Paleo-data and models show that reductions in the strength of the Atlantic meridional overturning circulation (AMOC) lead to significant subsurface warming in the western tropical North Atlantic. The thermal response at the sea surface is less constrained due to the competing nature of the atmospheric and oceanic processes that produce opposite signs of temperature change. Here, we used alkenone unsaturation in sediments to reconstruct sea surface temperature (SST) evolution in the southeastern Caribbean (core MD99-2198, 1330 m water depth) during the last glacial-interglacial cycle, including Heinrich Stadial 11, which was a period of intense AMOC weakening. Our data show a 1 °C SST warming associated with the onset of Heinrich Stadial 11, and a 1 °C cooling during the late Heinrich, followed by a gradual 1 °C warming during the early last interglacial. Although stadial events are generally associated with wind-induced surface cooling in the tropical North Atlantic, the positive Caribbean SST anomaly during Heinrich Stadial 11 is consistent with previous findings. It likely originates from the upwelling of subsurface water that warmed in response to the initial AMOC weakening. Reduction in the Caribbean SST during the late Heinrich, associated with a particularly weak AMOC strength as suggested by our benthic d13C values, can indicate that the subsurface warming has diminished in the tropical North Atlantic possibly due to a general cooling in the source region (i.e., the subtropical gyre). A two-phased Heinrich is supported by the planktic foraminifera assemblage data, indicating that cooling occurred in the late Heinrich.

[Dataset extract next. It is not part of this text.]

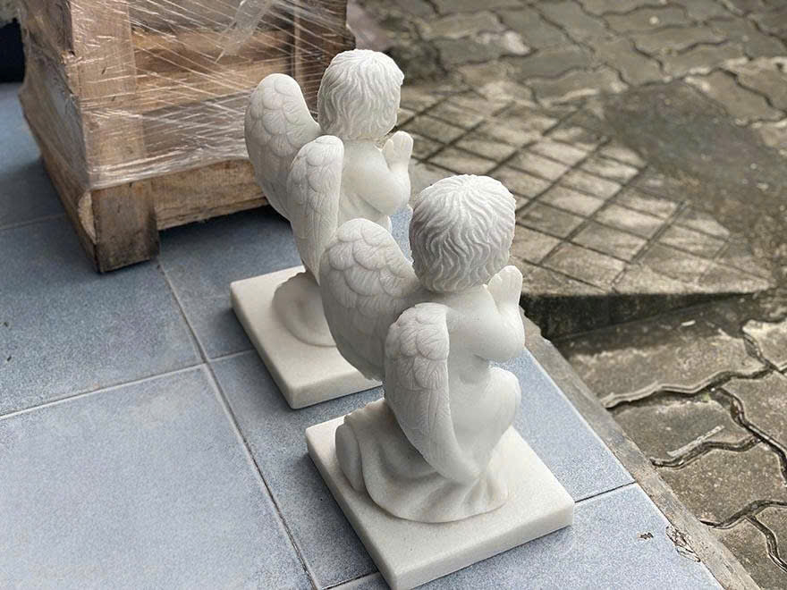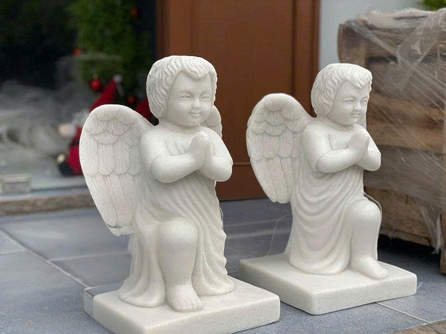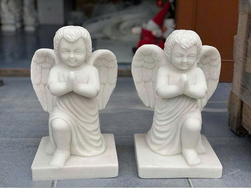 Cặp tượng thiên thần quỳ gối đá trắng là biểu tượng sự kính trọng, sự phục tùng và đại diện cho sự thuần khiết, vô tội, ánh sáng, niềm hy vọng.

In addition, this late phase is characterized by coarser sediments, which can be due to a strongly reduced outflow of the Orinoco and a particularly southern position of the intertropical convergence zone. For the last interglacial, our alkenone-derived SST record suggests stable conditions. However, the obtained interglacial values are characterized by very high alkenone unsaturation indexes that can incorporate large measurement and calibration errors due to the lack of Caribbean sediment traps and core-top data. These results, therefore, emphasize the need to better quantify the effectiveness of alkenones in reconstructing interglacial SST history in the Caribbean.